◆ **Source data**
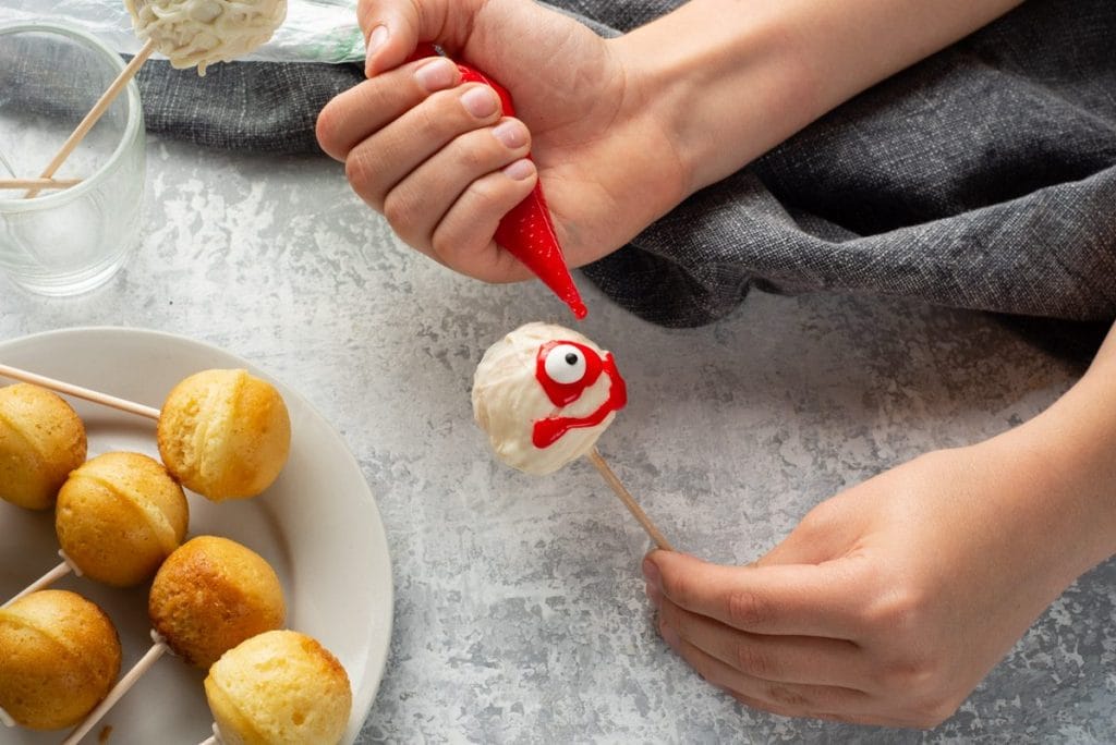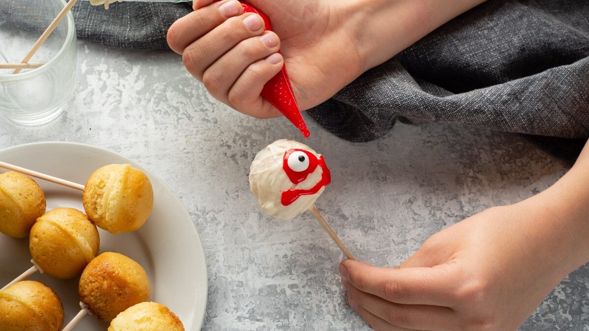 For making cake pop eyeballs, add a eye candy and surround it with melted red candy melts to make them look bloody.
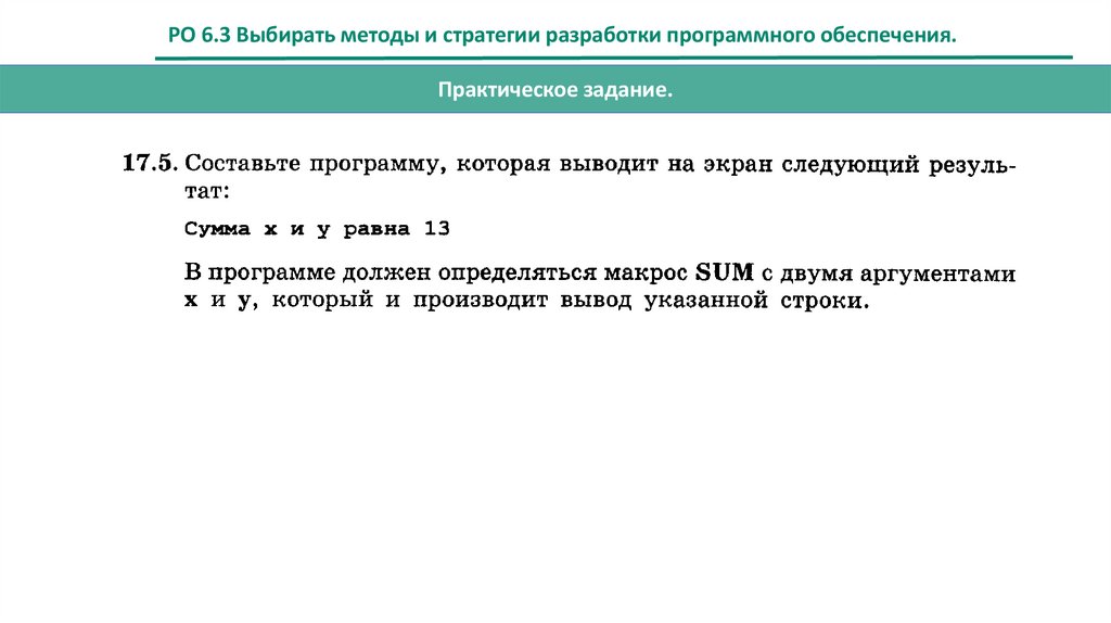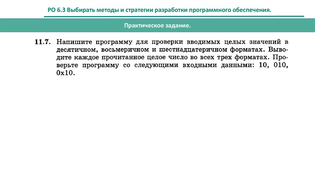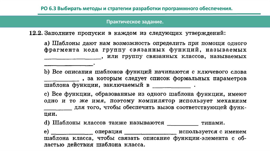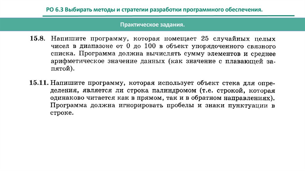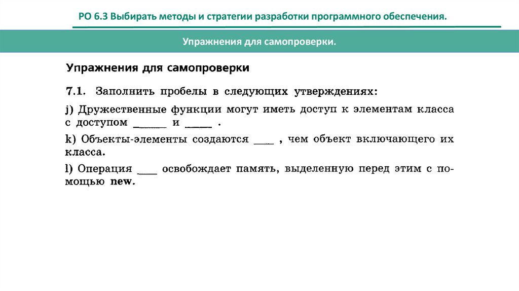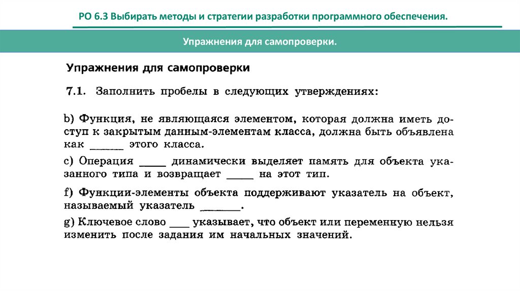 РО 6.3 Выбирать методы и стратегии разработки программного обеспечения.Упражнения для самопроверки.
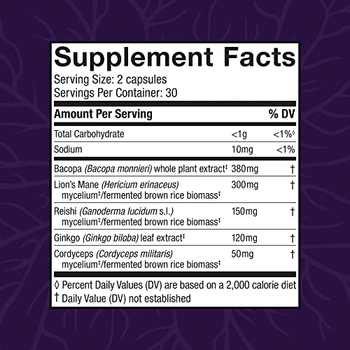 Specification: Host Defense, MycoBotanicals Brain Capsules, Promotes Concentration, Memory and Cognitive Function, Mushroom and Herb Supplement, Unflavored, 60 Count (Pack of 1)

◆ **Required work**
Please copy exactly, and only, the lines from the one that contains "РО 6.3 Выбирать" through the last line of the data above, omitting all pictures.

◆ **Response below**
 РО 6.3 Выбирать методы и стратегии разработки программного обеспечения.Упражнения для самопроверки.
 Specification: Host Defense, MycoBotanicals Brain Capsules, Promotes Concentration, Memory and Cognitive Function, Mushroom and Herb Supplement, Unflavored, 60 Count (Pack of 1)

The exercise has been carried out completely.